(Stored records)
——

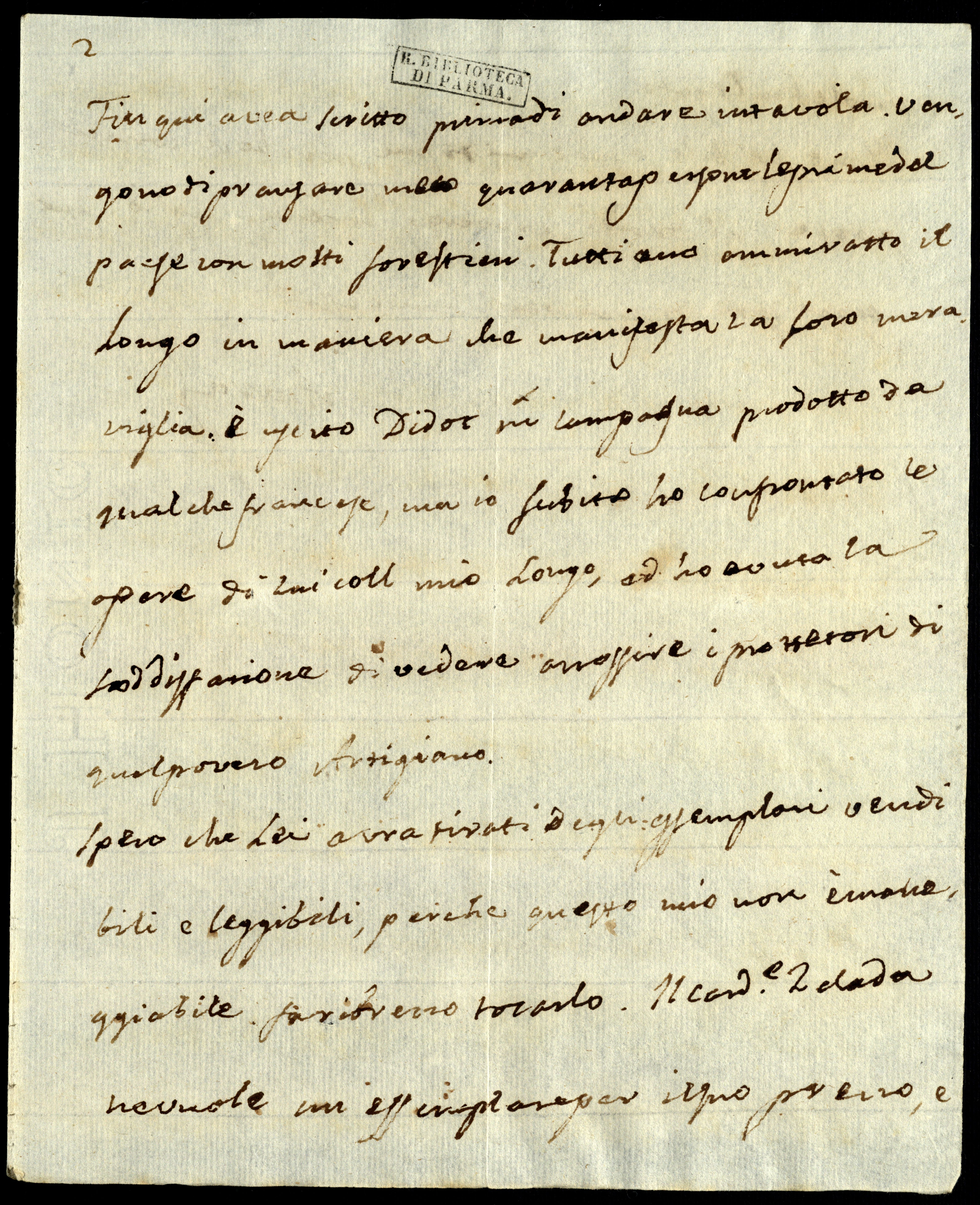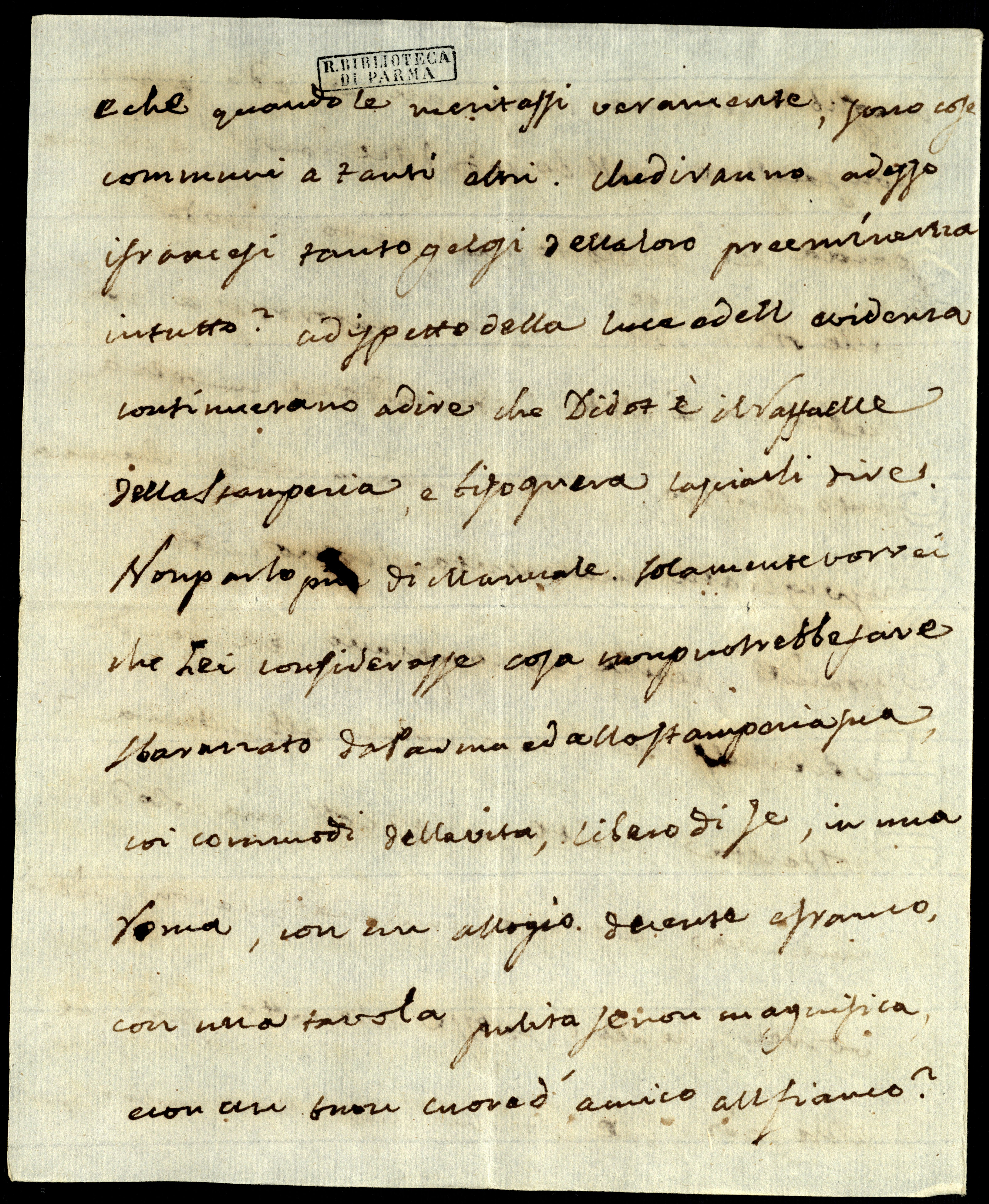 Non parlo più di Manuale. Solamente vorrei che Lei considerasse cosa non puotrebbe fare, sbarazzato da Parma e dalla Stamperia Sua, coi commodi della vita, libero di sé, in una Roma con un allogio decente e franco, con una tavola pulita se non magnifica e con un buon cuore d’amico all fianco?
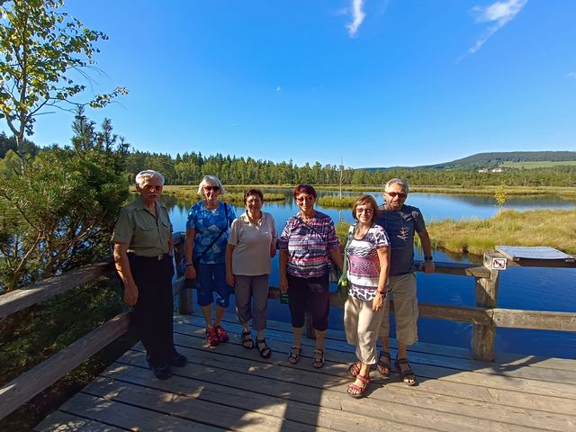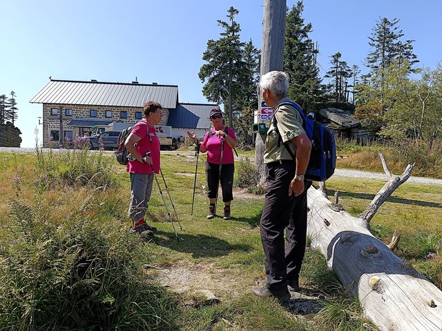 Dnes navrhla Miluška pěší výlet na Pancíř a do Železné Rudy – vydali jsme se na něj společně se Zerzánkovými, tedy celkem 6 lidí. Ráno jsme vyjeli v 8.30 autobusem do Kvildy, odtud v 9.50 do Železné Rudy. Vystoupili jsme na zastávce Špičák u lanovky na Pancíř – přestup v mezistanici na Hofmankách – celkem za 100 Kč jsme zakrátko byli na Pancíři. Během jízdy jednosedačkovou lanovkou i poté z vrcholu Pancíře byly dobré výhledy a absolutní pohoda. Délka lanovky je 2.740 m, převýšení 348 m. Nevynechali jsme ani rozhlednu, která je součástí chaty.
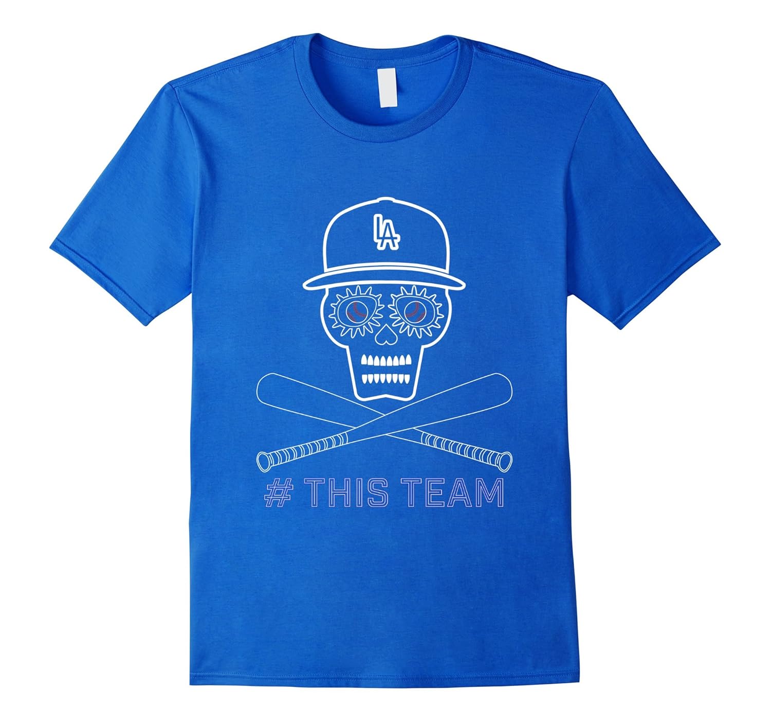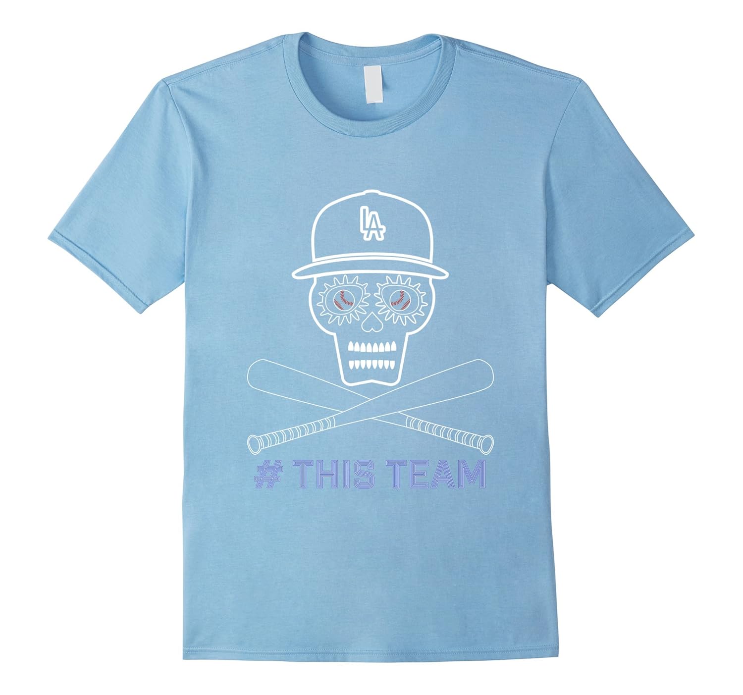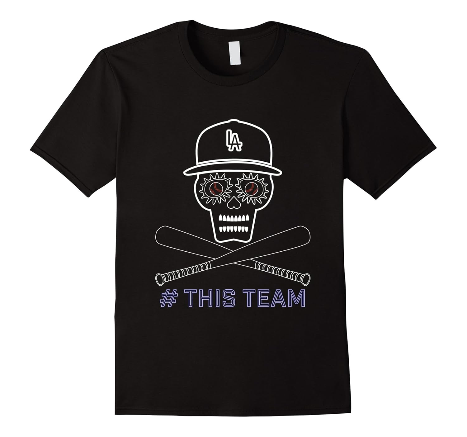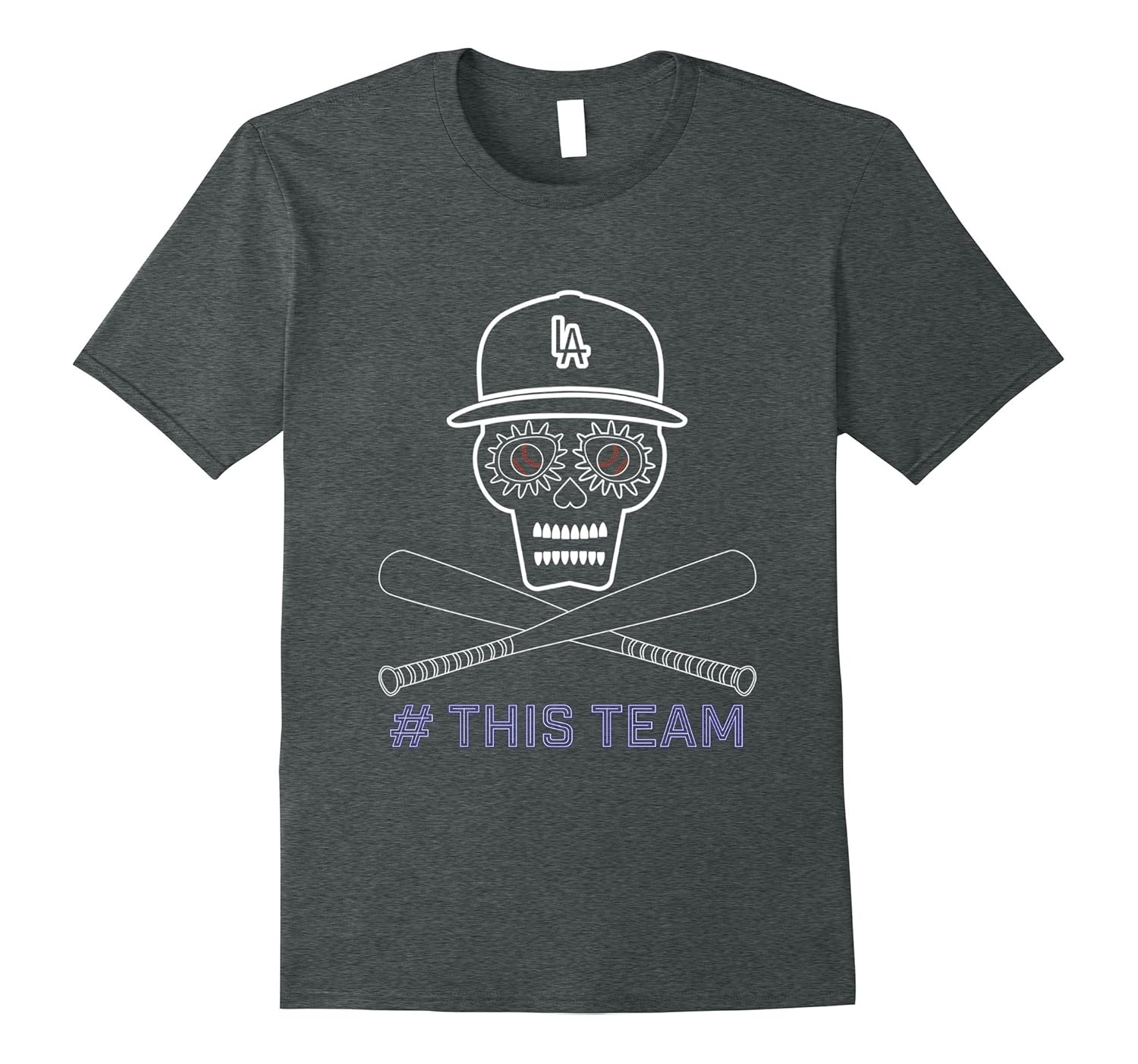 Solid colors: 100% Cotton; Heather Grey: 90% Cotton, 10% Polyester; All Other Heathers: 65% Cotton, 35% Polyester, Imported, Machine wash cold with like colors, dry low heat, Cheers to the Los Angeles California Baseball team and everyone”s favorite red bearded dodger. An excellent time to grab this exclusive ThisTeam Los Angeles Baseball Rally Skull Shirt. Prepare for their next baseball game with this spooky doyer shirt!, Celebrate the LA baseball season with this original LA thisteam t-shirt!The “This Team Los Angeles Baseball Skull Shirt” is a great Christmas Gift, Birthday Gift, Father”s Day Gift, or everyday gift for any LA baseball fan!, Lightweight, Classic fit, Double-needle sleeve and bottom hem
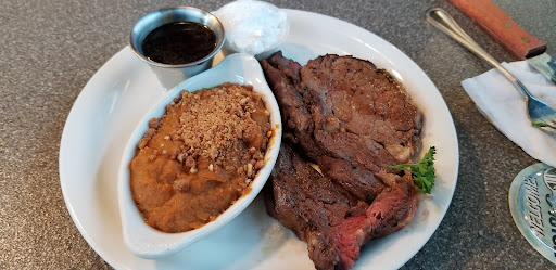The Ribeye showed up in about 8 minutes with one end raw | other end well done | middle acceptable. I ate the middle portion best I could as like the Local Guide had pointed out the meat had TOO MUCH GRISTLE
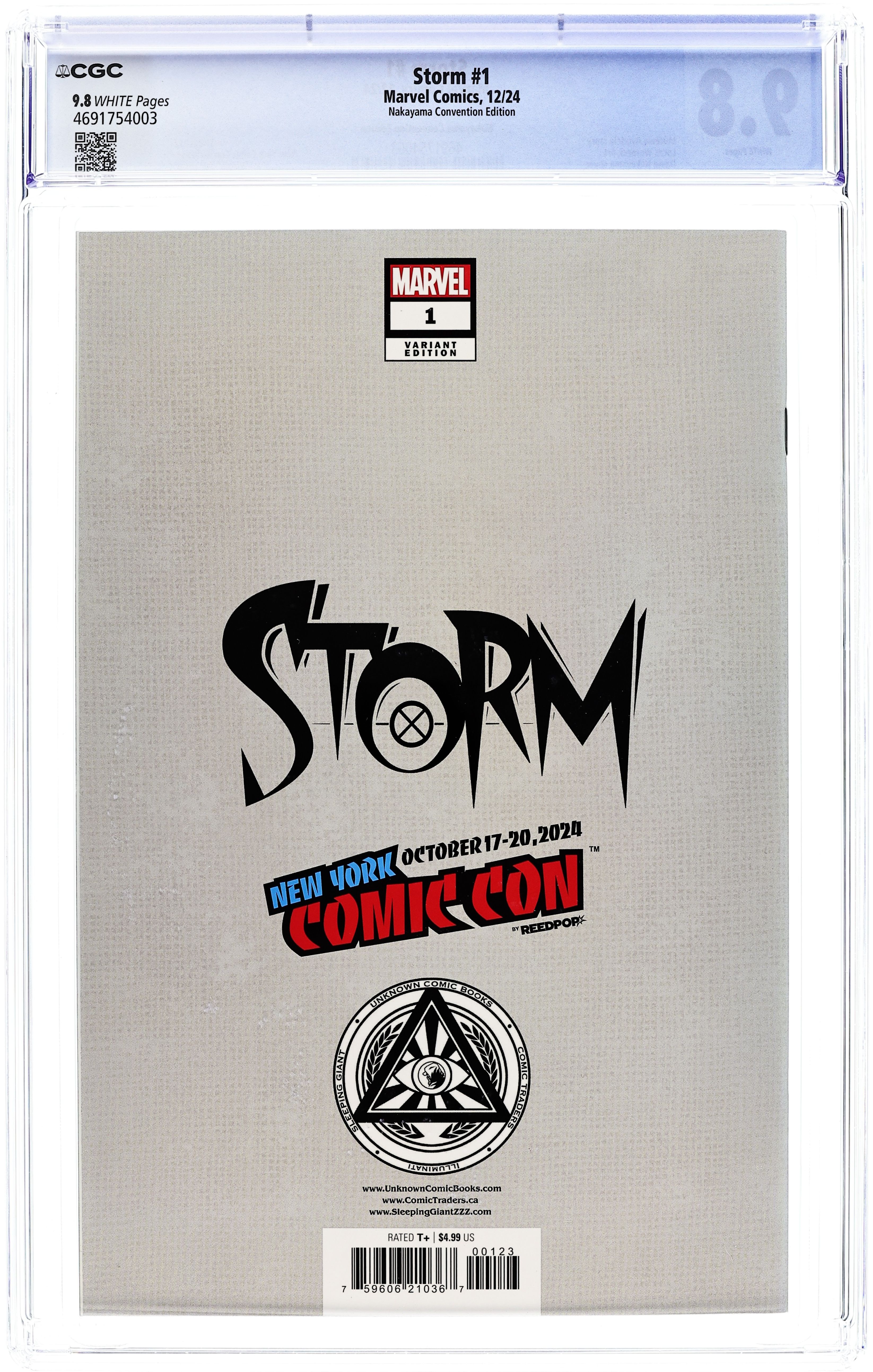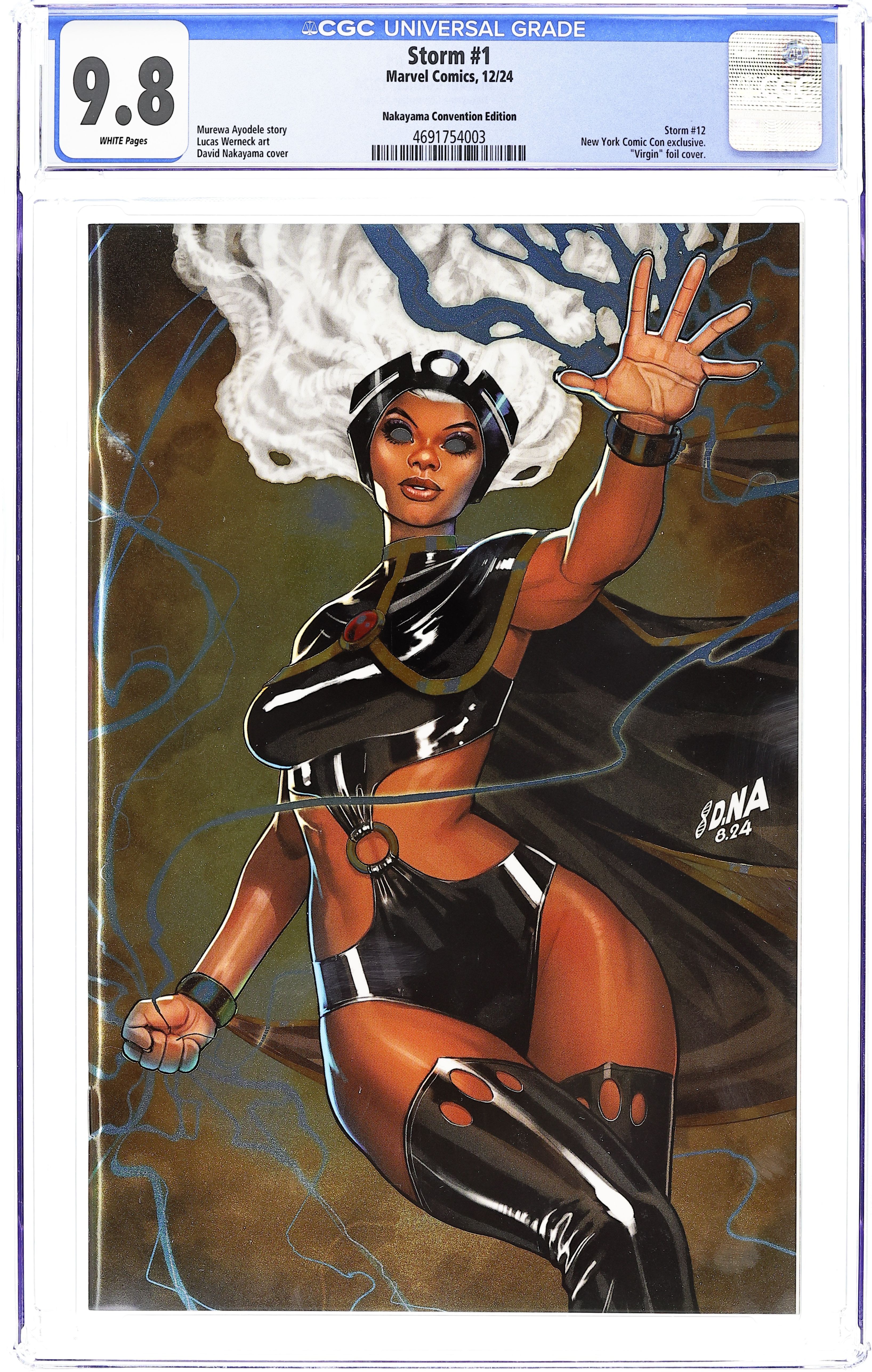 Comics Illuminati (Unknown Comic Books, Comic Traders, and Sleeping Giant) New York Comic Con Exclusive Foil Edition Virgin Cover by David Nakayama. Written by Murewa Ayodele. Art by Lucas Werneck. EARTHS MIGHTIEST MUTANT, NOW HEADLINING HER OWN SOLO SERIES! Ororo Munroe has lived many lives. She's been a thief, a goddess, an X-Man, a queen and now an Avenger! She is the most prominent, most respected and most powerful mutant on the world stage – and in that role, she intends to be a force for positive change! First up: A major meltdown at a nuclear facility in Oklahoma City draws Storm from her Sanctuary in Atlanta – and into a moral conflict that will test her iron resolve! Guest-starring X-FACTORs FRENZY! 40 pages, full color. Rated T+

——

To do | Set all of the records down once more, letter for letter, with the images removed.

Task response |
 Non parlo più di Manuale. Solamente vorrei che Lei considerasse cosa non puotrebbe fare, sbarazzato da Parma e dalla Stamperia Sua, coi commodi della vita, libero di sé, in una Roma con un allogio decente e franco, con una tavola pulita se non magnifica e con un buon cuore d’amico all fianco?
 Dnes navrhla Miluška pěší výlet na Pancíř a do Železné Rudy – vydali jsme se na něj společně se Zerzánkovými, tedy celkem 6 lidí. Ráno jsme vyjeli v 8.30 autobusem do Kvildy, odtud v 9.50 do Železné Rudy. Vystoupili jsme na zastávce Špičák u lanovky na Pancíř – přestup v mezistanici na Hofmankách – celkem za 100 Kč jsme zakrátko byli na Pancíři. Během jízdy jednosedačkovou lanovkou i poté z vrcholu Pancíře byly dobré výhledy a absolutní pohoda. Délka lanovky je 2.740 m, převýšení 348 m. Nevynechali jsme ani rozhlednu, která je součástí chaty.
 Solid colors: 100% Cotton; Heather Grey: 90% Cotton, 10% Polyester; All Other Heathers: 65% Cotton, 35% Polyester, Imported, Machine wash cold with like colors, dry low heat, Cheers to the Los Angeles California Baseball team and everyone”s favorite red bearded dodger. An excellent time to grab this exclusive ThisTeam Los Angeles Baseball Rally Skull Shirt. Prepare for their next baseball game with this spooky doyer shirt!, Celebrate the LA baseball season with this original LA thisteam t-shirt!The “This Team Los Angeles Baseball Skull Shirt” is a great Christmas Gift, Birthday Gift, Father”s Day Gift, or everyday gift for any LA baseball fan!, Lightweight, Classic fit, Double-needle sleeve and bottom hem
The Ribeye showed up in about 8 minutes with one end raw | other end well done | middle acceptable. I ate the middle portion best I could as like the Local Guide had pointed out the meat had TOO MUCH GRISTLE
 Comics Illuminati (Unknown Comic Books, Comic Traders, and Sleeping Giant) New York Comic Con Exclusive Foil Edition Virgin Cover by David Nakayama. Written by Murewa Ayodele. Art by Lucas Werneck. EARTHS MIGHTIEST MUTANT, NOW HEADLINING HER OWN SOLO SERIES! Ororo Munroe has lived many lives. She's been a thief, a goddess, an X-Man, a queen and now an Avenger! She is the most prominent, most respected and most powerful mutant on the world stage – and in that role, she intends to be a force for positive change! First up: A major meltdown at a nuclear facility in Oklahoma City draws Storm from her Sanctuary in Atlanta – and into a moral conflict that will test her iron resolve! Guest-starring X-FACTORs FRENZY! 40 pages, full color. Rated T+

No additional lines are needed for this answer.